The input:

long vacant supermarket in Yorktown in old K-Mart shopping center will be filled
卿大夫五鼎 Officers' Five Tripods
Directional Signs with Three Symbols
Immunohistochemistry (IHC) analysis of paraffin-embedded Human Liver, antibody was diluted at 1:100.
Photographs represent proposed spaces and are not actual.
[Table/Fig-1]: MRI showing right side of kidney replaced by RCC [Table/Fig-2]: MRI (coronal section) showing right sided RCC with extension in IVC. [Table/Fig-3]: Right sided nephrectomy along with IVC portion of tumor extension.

--

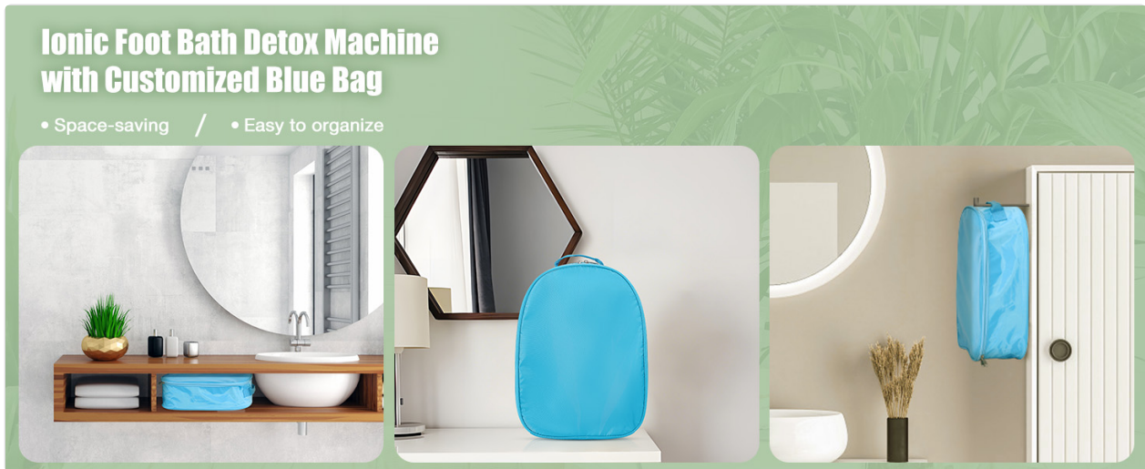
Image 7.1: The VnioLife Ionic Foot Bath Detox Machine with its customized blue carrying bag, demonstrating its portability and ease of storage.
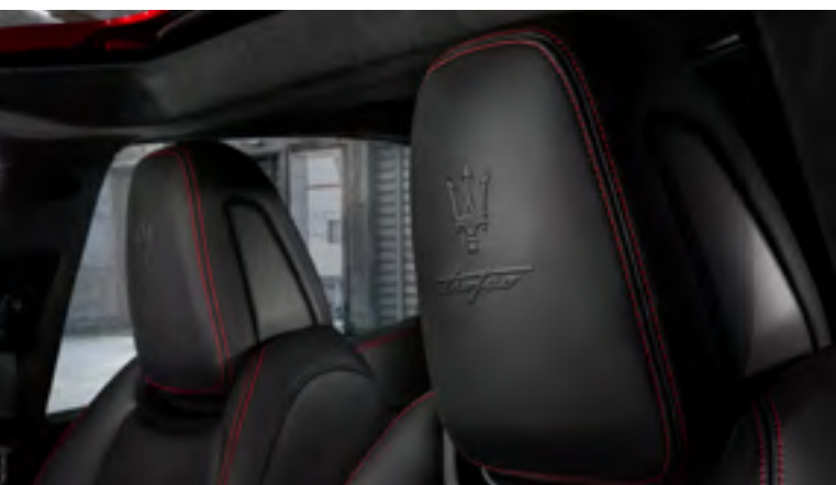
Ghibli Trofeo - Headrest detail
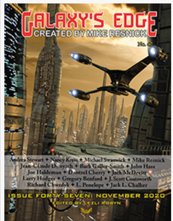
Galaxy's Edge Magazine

Exercise requirements: From the records above, output only the lines starting at the one containing "Image 7.1: The" and ending at the one containing "Galaxy's Edge Magazine", word for word. Pictures stay out.

Output for this exercise:
Image 7.1: The VnioLife Ionic Foot Bath Detox Machine with its customized blue carrying bag, demonstrating its portability and ease of storage.
Ghibli Trofeo - Headrest detail
Galaxy's Edge Magazine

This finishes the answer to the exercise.